══ WORKING DATA ══
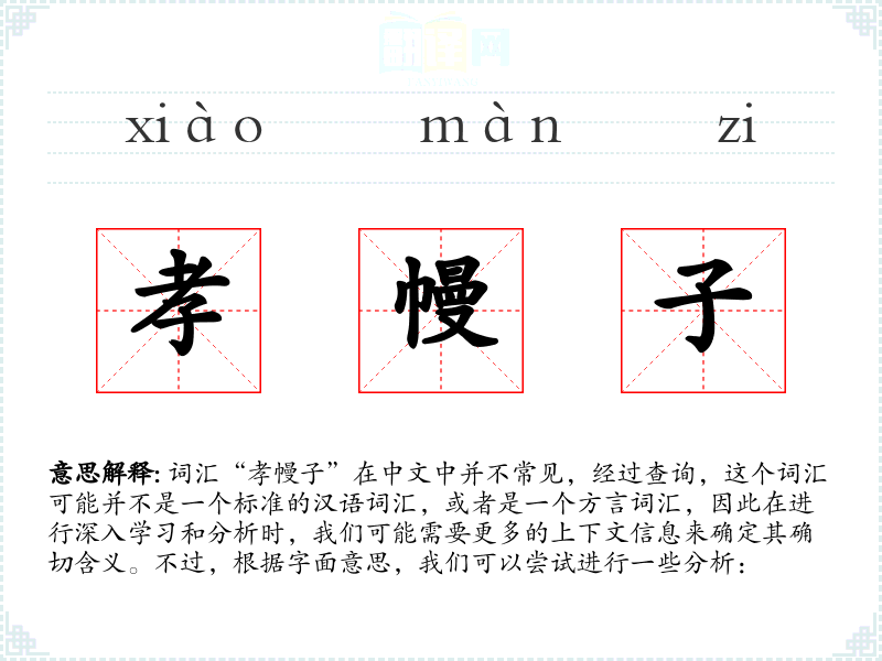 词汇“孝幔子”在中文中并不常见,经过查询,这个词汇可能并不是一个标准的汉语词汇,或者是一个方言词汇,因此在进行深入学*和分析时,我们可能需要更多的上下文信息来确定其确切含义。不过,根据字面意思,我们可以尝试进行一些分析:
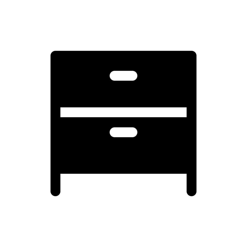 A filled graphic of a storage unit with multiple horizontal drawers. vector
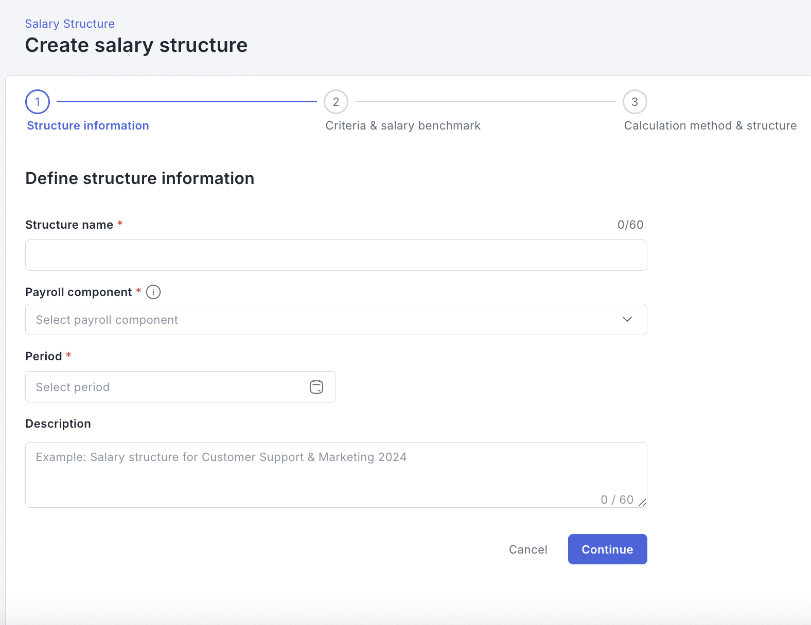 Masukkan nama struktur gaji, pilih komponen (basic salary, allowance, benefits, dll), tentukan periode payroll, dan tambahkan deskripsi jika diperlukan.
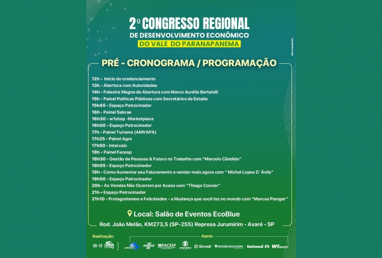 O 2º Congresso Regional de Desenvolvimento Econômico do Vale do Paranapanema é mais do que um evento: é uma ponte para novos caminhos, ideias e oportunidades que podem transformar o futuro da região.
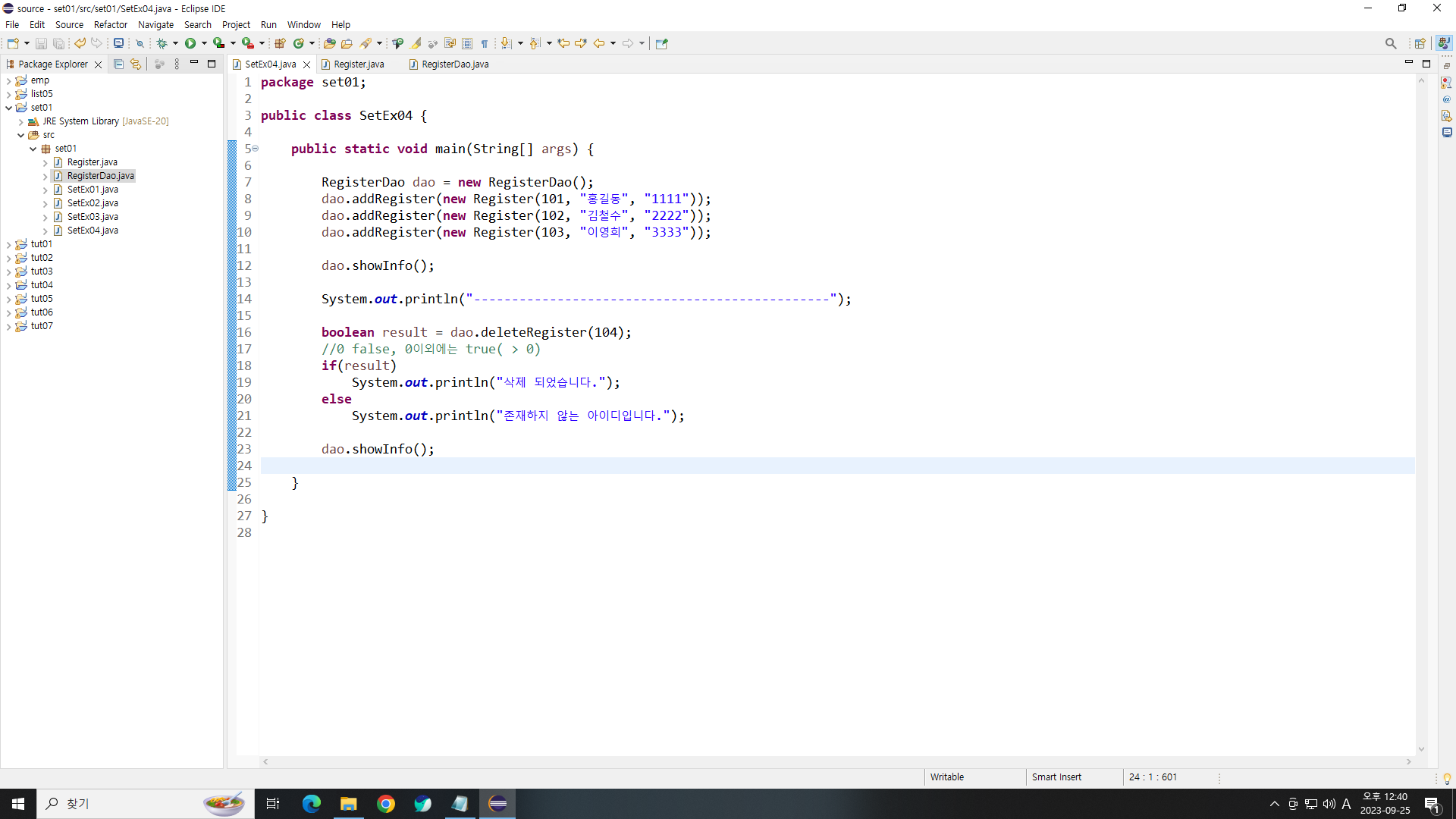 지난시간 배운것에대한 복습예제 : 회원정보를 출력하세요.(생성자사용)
═══
▶ [TASK GOAL]
Would you retype every line shown above exactly, leaving the pictures aside?

▶ [ANSWER TO THIS EXERCISE]
 词汇“孝幔子”在中文中并不常见,经过查询,这个词汇可能并不是一个标准的汉语词汇,或者是一个方言词汇,因此在进行深入学*和分析时,我们可能需要更多的上下文信息来确定其确切含义。不过,根据字面意思,我们可以尝试进行一些分析:
 A filled graphic of a storage unit with multiple horizontal drawers. vector
 Masukkan nama struktur gaji, pilih komponen (basic salary, allowance, benefits, dll), tentukan periode payroll, dan tambahkan deskripsi jika diperlukan.
 O 2º Congresso Regional de Desenvolvimento Econômico do Vale do Paranapanema é mais do que um evento: é uma ponte para novos caminhos, ideias e oportunidades que podem transformar o futuro da região.
 지난시간 배운것에대한 복습예제 : 회원정보를 출력하세요.(생성자사용)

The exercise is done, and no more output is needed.